Setting Up A Data Configuration File (Participant/Subject List)

Overview

C-PAC’s Configuration YAML Files

C-PAC requires at least one pipeline configuration file and one data configuration file (also known as the participant list/subject list) in order to run an analysis. These configuration files are in the YAML file format, which matches contents in a key: value relationship much like a dictionary. This section will focus on the data configuration file setup.

The Data Configuration (Participant List)

The data configuration file is essentially a list of file paths to anatomical and functional MRI scans keyed by their unique IDs, and listed with any additional information as necessary. This file can be generated both via the GUI and the terminal. Both ways are explained below.
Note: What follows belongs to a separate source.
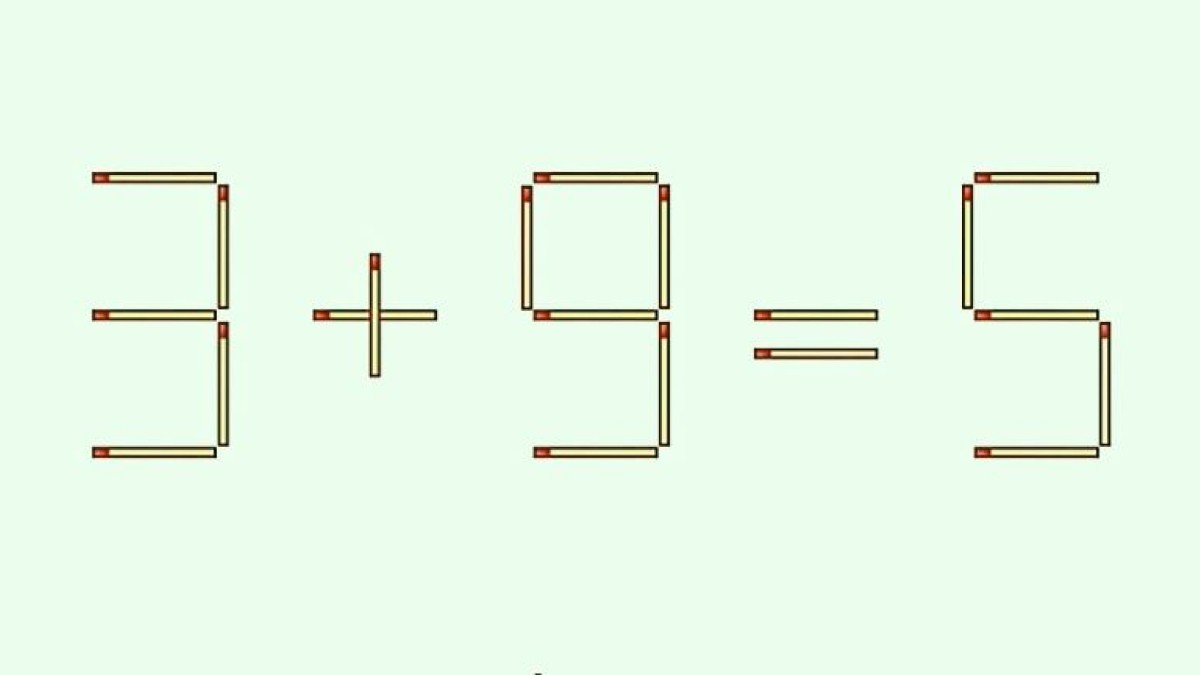 Посмотрите на картинку. В равенстве 3+9=5 есть ошибка. Надо очень быстро переставить одну спичку на другое место, чтобы уравнение стало верным.

Creating the Data Configuration File via the GUI

The C-PAC data configuration builder window accepts information about where to find your data, and allows you to customize what gets included in the final list. Once you’re done, it generates a data settings YAML file, which saves your preferences, so that you can easily edit and re-generate your data configuration YAML file later on.

_images/subject_list_gui.png
  1. Data format - [BIDS, Custom]: Whether or not the data is organized in accordance with the BIDS specification. More details below.
  2. BIDS Base Directory - [path]: The base directory of the BIDS-organized data, if you are using BIDS.
  3. Anatomical File Path Template - [text]: If the data is NOT in BIDS format, you can provide a file path template describing the anatomical scans here. More details below.
  4. Functional File Path Template - [text]: If the data is NOT in BIDS format, you can provide a file path template describing the functional scans here. More details below.
  5. Save Config Files Here - [path]: The directory where you want the data configuration builder to save both the data settings file (these configured options) and the data configuration file (the list of input data to be provided to CPAC).
  6. Participant List Name - [text]: The name/label for your data configuration and data settings files.
  7. (Optional) AWS Credentials File - [path]: Required if downloading data from a non-public S3 bucket on Amazon Web Services (AWS). This usually takes the form of a CSV file.
  8. (Optional) Scan Parameters File - [path]: Path to a CSV file specifying the slice time acquisition parameters for scans. If set to ‘None’, these parameters will either be defined by the NifTI headers or by an explicit slice order specified in the pipeline configuration builder. Instructions for creating this CSV file can be found here. Note: If your data is in BIDS format, the data configuration builder will read the scan parameters described in the data’s affiliated JSON file(s), if they exist, and a scan parameters CSV file is not required.
  9. (Optional) Field Map Phase File Path Template - [text]: If you are running field map-based distortion correction, AND your data is not in BIDS format, provide the file path template to your phase files here. If your data is in BIDS format, the data configuration builder will find these files automatically.
  10. (Optional) Field Map Magnitude File Path Template - [text]: If you are running field map-based distortion correction, AND your data is not in BIDS format, provide the file path template to your magnitude difference files here. If your data is in BIDS format, the data configuration builder will find these files automatically.
  11. (Optional) Include: Subjects - [text/path]: List the participant IDs to include, to have only those participants included in the list. Either enter it here (ex. “1001, 1002, 1007, ..”), or enter the file path of a text file containing each participant ID on its own line.
  12. (Optional) Exclude: Subjects - [text/path]: The same as above, except to exclude the participants you list here. Useful for when you only need a few dropped from the list of many.
  13. (Optional) Include: Sites - [text/path]: Which sites to include - can be a list or a text file, as described above.
  14. (Optional) Exclude: Sites - [text/path]: Which sites to exclude - can be a list or a text file, as described above.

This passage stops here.